И замолчал. И Василиса молчала. Слишком уж откровенно прозвучал Сашин вопрос — даже неловко как-то. Так сидели они долго, с удивлением рассматривая друг друга в слабом свете хилого ночничка, будто видели впервые, и улыбались неловко, и молчали. Каждый о своем молчал. Саша — о том, что впервые, наверное, в жизни его так уколола ревность, больно и по-настоящему. Неожиданно так подкралась и врезала ножом — прямо в самое сердце. А он и не подозревал раньше — каково это… Столько раз писал об этом, развешивал вокруг этого чувства слова-колокольчики да завитушки всякие расчудесные, а на самом деле каково оно — и не знал, выходит… И еще — чего это он вдруг взял и взревновал эту девчонку к неведомому какому-то Сергунчику?

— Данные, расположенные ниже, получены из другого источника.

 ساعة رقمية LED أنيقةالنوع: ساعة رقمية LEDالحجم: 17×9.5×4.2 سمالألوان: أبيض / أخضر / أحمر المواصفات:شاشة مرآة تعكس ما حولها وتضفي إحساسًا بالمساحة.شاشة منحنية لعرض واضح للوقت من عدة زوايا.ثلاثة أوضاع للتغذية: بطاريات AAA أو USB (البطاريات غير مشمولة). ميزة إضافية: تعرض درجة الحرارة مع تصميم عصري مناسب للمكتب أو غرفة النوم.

С чего бы это ради? Влюбился он в нее, что ли? Да ну, ерунда какая…
А Василиса не удивлялась. Василиса сидела и тихо радовалась этому совершенно искреннему и такому внезапному проявлению его ревности, потому что женщиной все ж была. Юной совсем, неопытной, но женщиной же. Потому и догадалась наперед, и поняла особым, природным каким-то чутьем, что такое означает эта его ревность, и что это очень даже хорошо, и это слава богу, и очень ей она приятна, эта его ревность… И будто даже колокольчик внутри у нее в этот момент прозвенел — поздравляю, мол, тебя, милая девушка Василиса, с наступающим прекрасным праздником. И сердце даже чуть зашлось, защемило короткой искоркой радости, будто провел кто по нему мягкой щекочущей кисточкой…
— Так хочешь мне помочь, говоришь, да? — нарушив неловко-счастливую эту паузу, спросила она вдруг. Совсем уже другим голосом спросила. Женским уже, взрослым, многие вещи понимающим голосом. И Саша тоже его услышал, этот ее новый голос. И улыбнулся ему навстречу приветливо:
— Да. Хочу. Очень, очень хочу помочь. Просто терпения уже нет, как хочу тебе помочь…
— Ну что ж, и помоги тогда. Я и согласная. И с удовольствием твою эту помощь приму. Ты вот отнеси свои романы в издательства, а гонорары мне отдашь… Идет? А никакой другой помощи я и не возьму больше… Только такую…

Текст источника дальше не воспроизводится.